Building a Leaderboard That Doesn't Destroy Your Database

Production Engineering · Sports App · 100K+ Users

At 100K+ active users, response time dropped below 50ms — a 120× improvement over the naive approach. Here's how we got there.

01 — Why the Naive Approach Always Fails

The most natural implementation is also the most dangerous at scale. Counting every user's activity, ranking them, and returning a sorted list feels correct — because it is. The problem is what the database must do to produce that result on every single API call.

At 100K users with millions of records, a naive query can take 600ms or more. Multiply that by 50 concurrent users during peak hours: 50 full-table scans running simultaneously. The database runs out of resources. Response times spike. Users see spinners and leave.

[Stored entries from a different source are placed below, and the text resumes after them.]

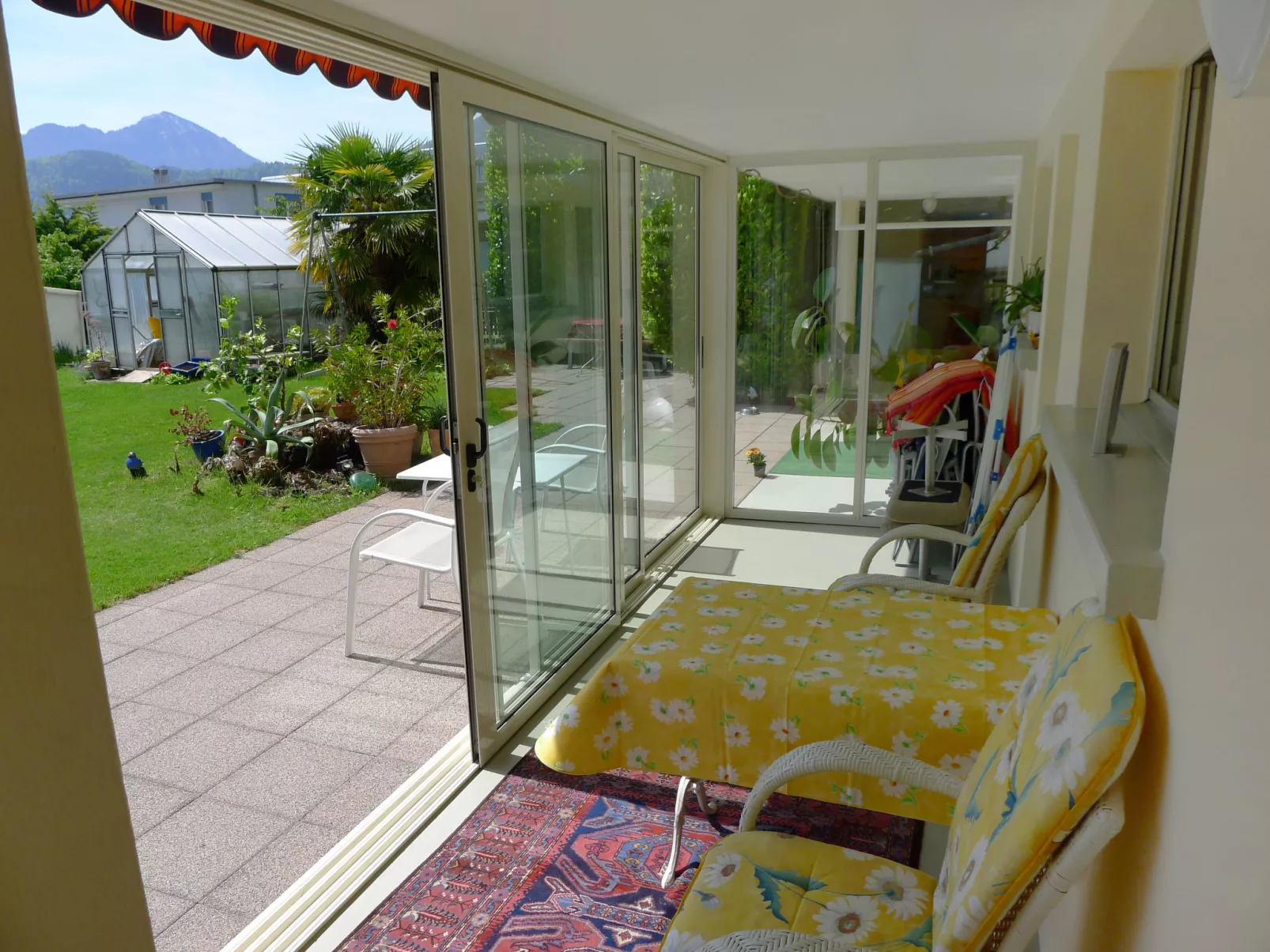 Appartement 1-kamer 31 m2, op de begane grond. Doelmatig en gezellig ingericht: 1 kamer 17 m2 met 1 2-pers bed en Sat-TV (Flatscreen TV). Uitgang naar de zitplaats in de tuin. Woonkeuken (oven, afwasmachine, 4 keramische glas kookplaten, magnetron) met eettafel. Douche/WC. Zithoek in de tuin 8 m2, op het zuiden gelegen. Terrasmeubelen, serre. Beperkt uitzicht op het meer, de bergen en de plaats. Ter beschikking: Internet (Internet (WiFi), gratis). Parkeerplaats bij het huis. Niet rokers woning.
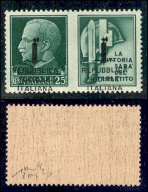 1944 - 25 cent Milizia (40bac) con soprastampe in basso - gomma integra - Chiavarello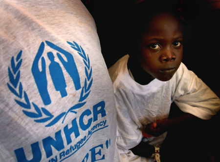 U.N. lorry to a transit centre in his native Liberia on World Refugee Day, June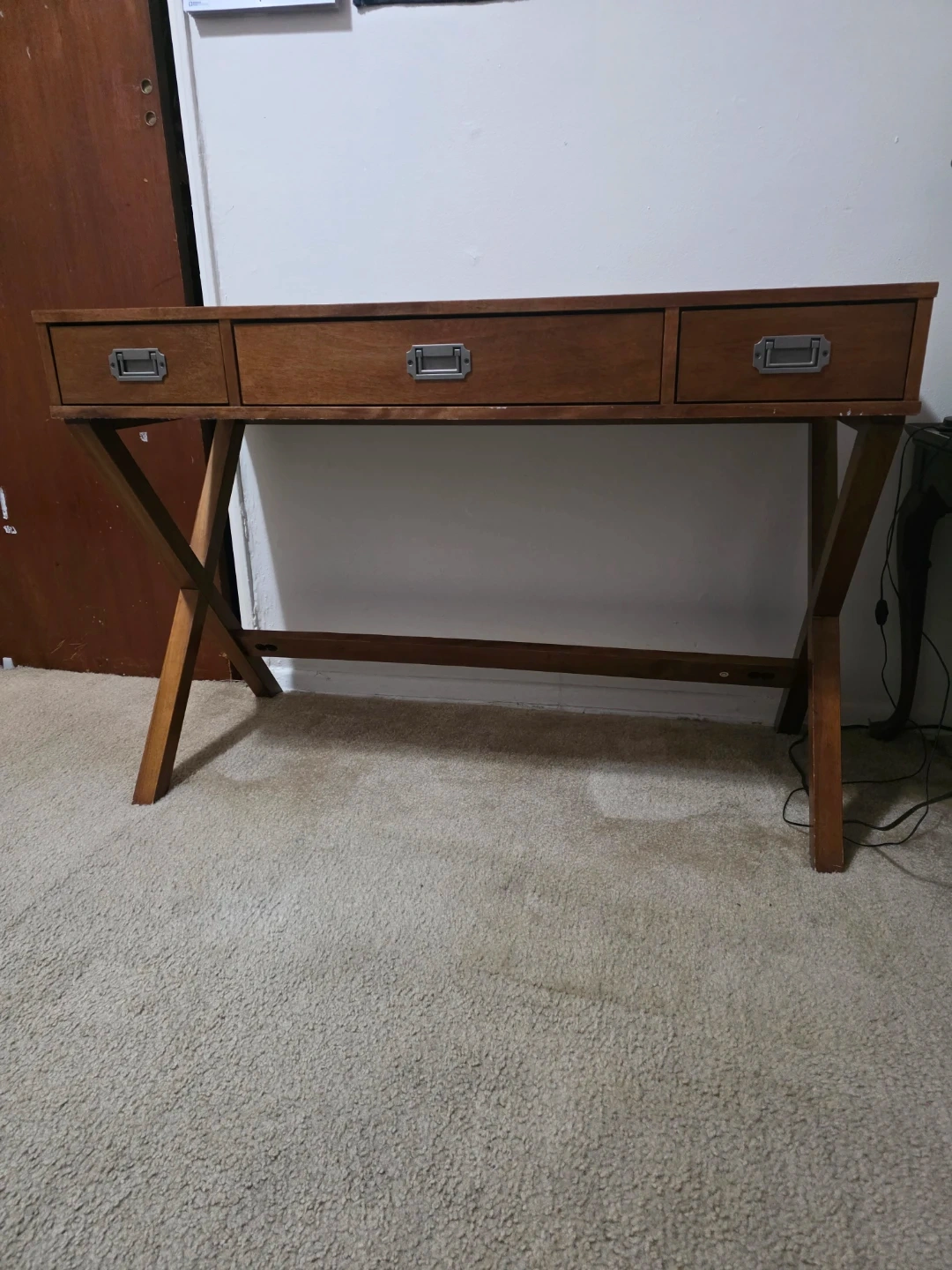 This wooden writing desk features a rustic charm with its warm wood tone and three convenient drawers. The X-leg design adds a touch of modern flair. It's perfect for a home office or study area! Wood construction.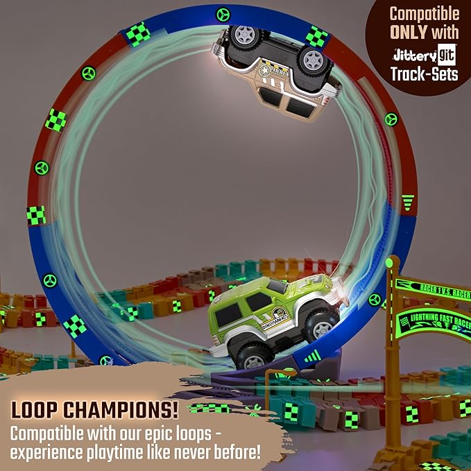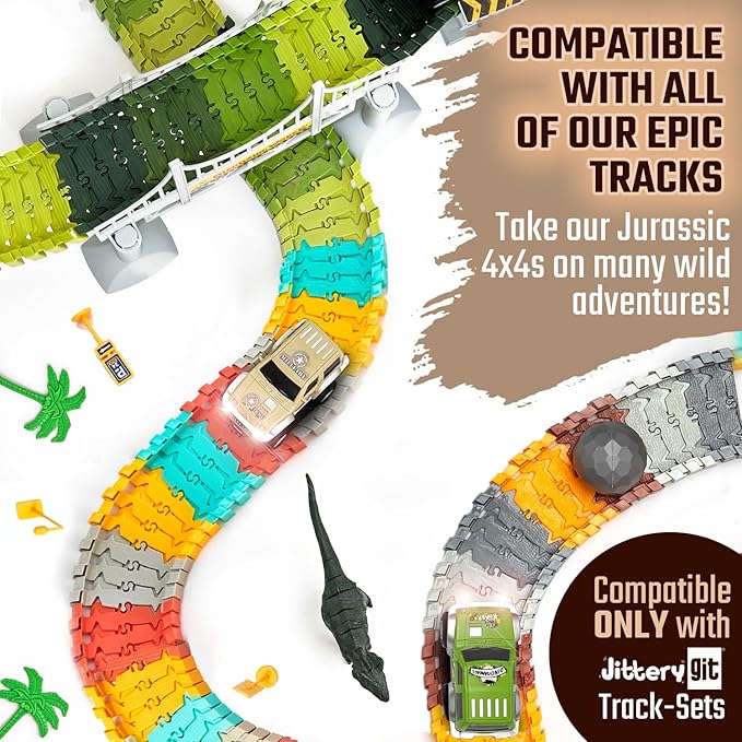 - 【Ready for Any Racetrack 】- These awesome dinosaur jeeps are ready to race! Completely compatible with all of our racetrack sets, Dinosaur racetrack, Flashtrack and Construktor! They also work perfectly on major themed cars race track!

The query is correct. It just doesn't scale — and those are two very different problems.

Query Time at Scale — Naive vs Materialized View

naive query materialized view

1K users

10ms

↳ (MV)

1ms

10K users

80ms

↳ (MV)

~5ms

100K users

600ms+

↳ (MV)

~5ms

02 — Materialized Views: Pre-compute What Doesn't Change

The core insight: leaderboard rankings don't need to be real-time. If the ranking refreshes every 5–10 minutes instead of on every request, the vast majority of users will never notice. Their rank doesn't change that fast.

A materialized view stores the result of an expensive query as a pre-computed table. Every subsequent read hits the cached result — no aggregation, no full scans. The expensive work runs once per refresh window, not once per user.

The flow looks like this:

WRITE (every 5 min, background): Scan table → compute rankings for all 100K users → store in materialized view. Runs once, costs 600ms in the background.
READ (every API call): Read 20 pre-computed rows from indexed table. No aggregation. No full scans. Returns in ~5ms.
RESULT: Expensive computation runs once per 5-minute window, not once per request. ~120× improvement at scale.

This principle extends further: display name formatting, ranking, aggregation — anything that doesn't change per-request should be computed at refresh time, not in the application layer on every API call. Push computation to where it's cheapest.

03 — `RANK()` vs `ROW_NUMBER()`: Fairness Is an Engineering Decision

SQL provides two window functions for ranking rows. They sound interchangeable — they're not. The difference only shows up when users are tied, which in a competitive feature, happens constantly.

ROW_NUMBER() assigns a unique sequential number to every row. Two users with identical scores still get different ranks — determined by insertion order, ID, or whatever tiebreaker the database picks. Arbitrary.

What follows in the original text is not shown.